Le repli identitaire voulu par certains leaders européens ne pourrait-il pas freiner cette mue de l’Europe vers plus d’intégration ?

Pas forcément. Les partis populistes ont de plus en plus tendance à s’accommoder du cadre européen, en investissant leurs discours identitaires non plus seulement au niveau national, mais aussi au niveau européen. Autrement dit, ils ne veulent plus sortir de l’Europe, mais la modeler à leur image, selon leurs valeurs. En décembre, Viktor Orban a par exemple clairement fait savoir sa volonté de prendre le pouvoir à Bruxelles. Au fond, cela me semble intéressant, car c’est par la confrontation de valeurs qu’émergera un véritable débat sur l’identité européenne. En ce sens, le populisme peut aussi contribuer à façonner l’Europe.

Que signifie “être européen” aujourd’hui ?

Dans les années 1990-2000, l’identité européenne reposait sur le cosmopolitisme, le post-nationalisme, voire un certain refoulement de la puissance au nom de la convergence entre les peuples. Mais cette idée est en train d’être dépassée. D’une certaine façon, le pivot des Etats-Unis vers l’Asie et l’invasion de l’Ukraine par Poutine sont en train de nous pousser vers une identité de combat. Désormais, le cœur de l’Europe n’est plus le couple franco-allemand. C’est le flanc Est. C’est l’Ukraine, la Géorgie… L’Europe se définit de plus en plus par ses frontières, la ligne de front. A bien des égards, être européen, aujourd’hui, c’est résister à la Russie.

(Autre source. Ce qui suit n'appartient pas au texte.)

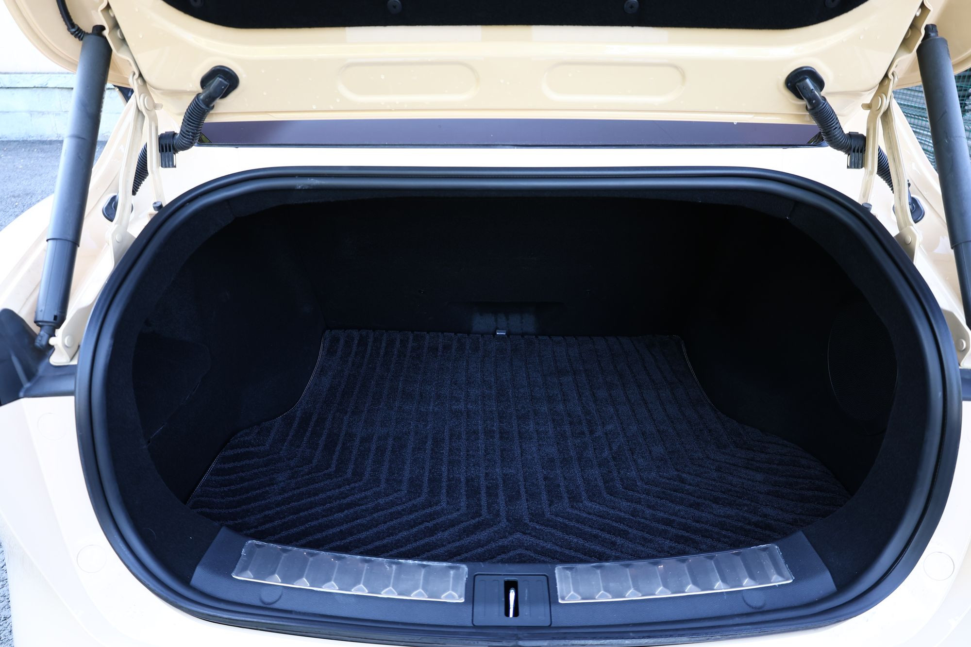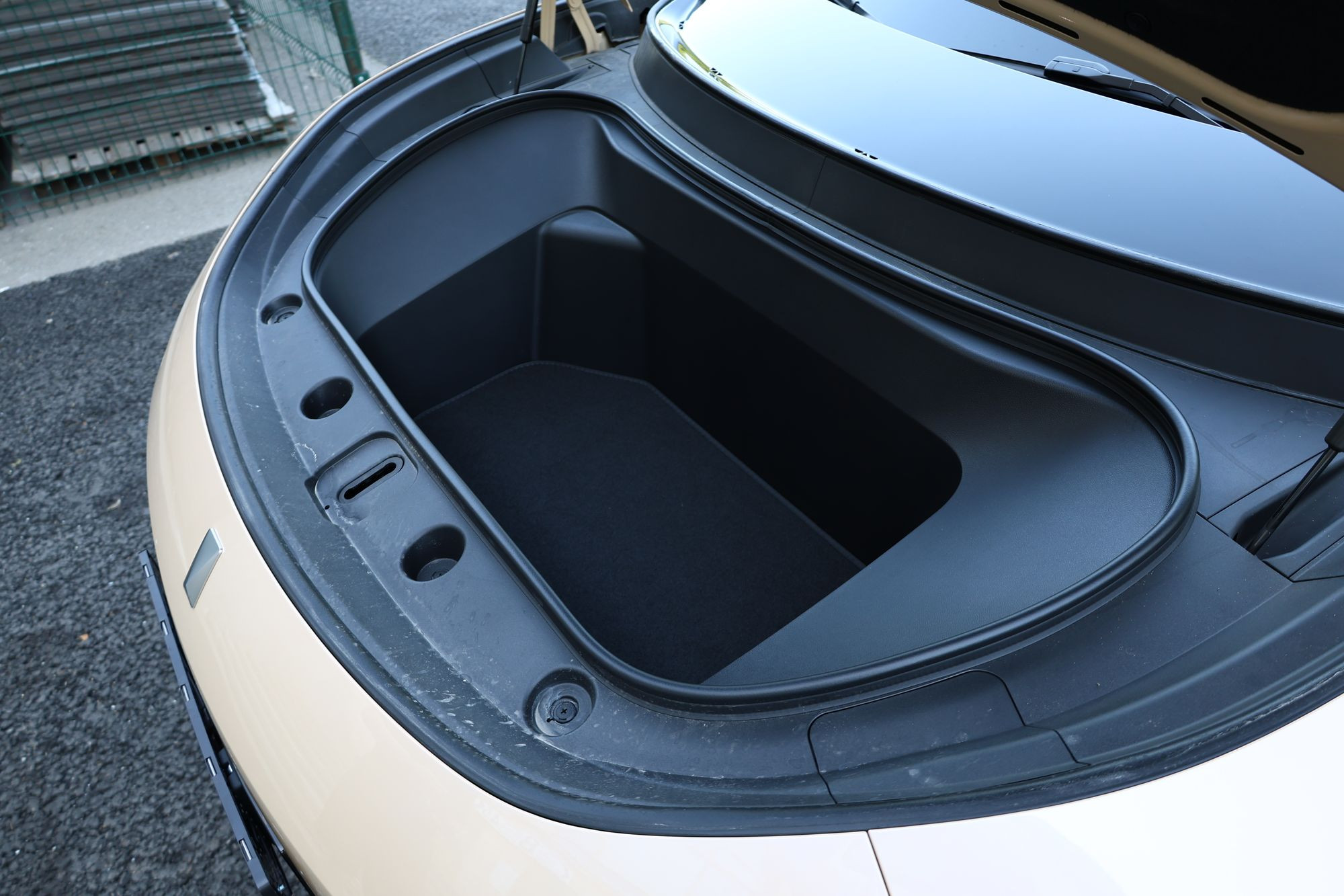 Крышка заднего багажника снабжена электроприводом, а вот передний нужно открывать и закрывать вручную. Второе довольно проблематично, поскольку пластиковую крышку нельзя просто захлопнуть – она слишком лёгкая. На неё нужно довольно сильно надавить руками точно посередине, ровно там, где находится замок. И после этого пойти мыть руки. Зато электроприводом не забыли снабдить ещё и выдвижное антикрыло. Парадокс.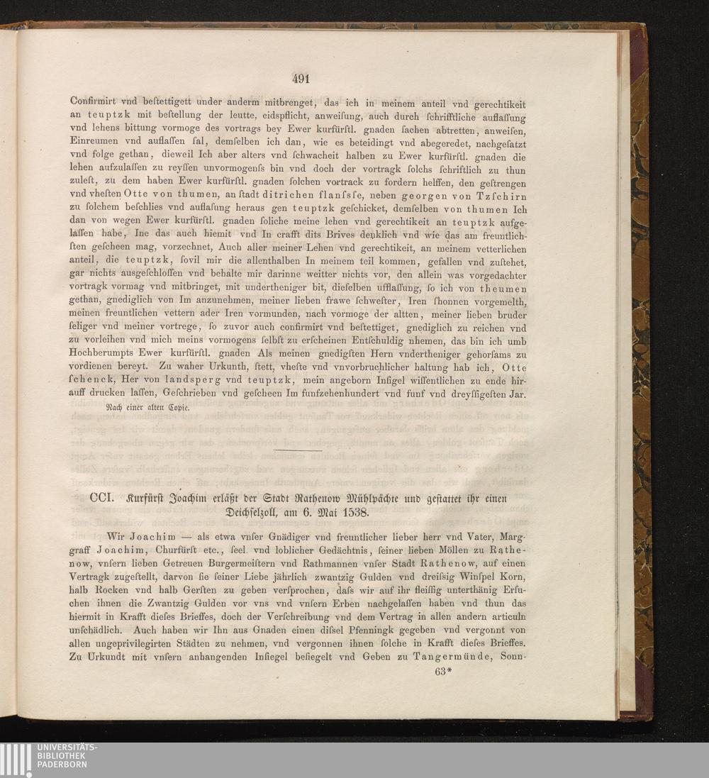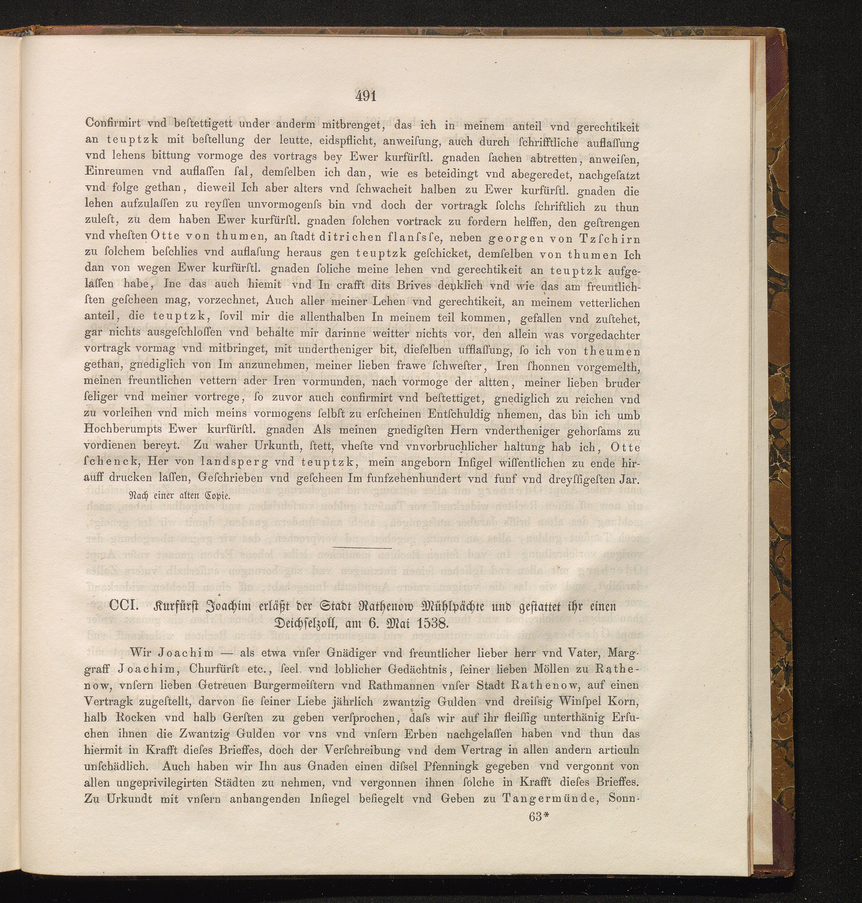 CCI. Kurfürst Joachim erläßt der Stadt Rathenow Mühlpächte und gestattet ihr einen[...]

Vous ne mentionnez pas le Moyen-Orient. L’Europe n’a-t-elle pas un rôle diplomatique à jouer dans le contexte actuel ?

Je pense qu’il est difficile d’être crédible lorsque l’on parle de la paix dans le monde si l’on n’est pas capable de gérer la Russie chez nous. Si nous ne parvenons pas à nous mobiliser face à elle, tout ce que l’Europe pourra dire sur le Moyen-Orient, ou même sur l’Afrique, n’aura pas d’impact aux yeux de nombreux partenaires internationaux. Sans compter que sans budget de défense, difficile d’être véritablement crédible sur un plan géopolitique. L’Europe n’est pas à un moment de son histoire où elle est en position de “leader”. Mais il n’appartient qu’à elle que cela change : avec plus d’autonomie stratégique (sa capacité à se défendre seule) et de modestie stratégique (mettre la priorité sur sa propre région), l’Europe de demain à toutes les chances de redevenir un acteur qui, bien que provincial, sait défendre ses intérêts sur la scène mondiale.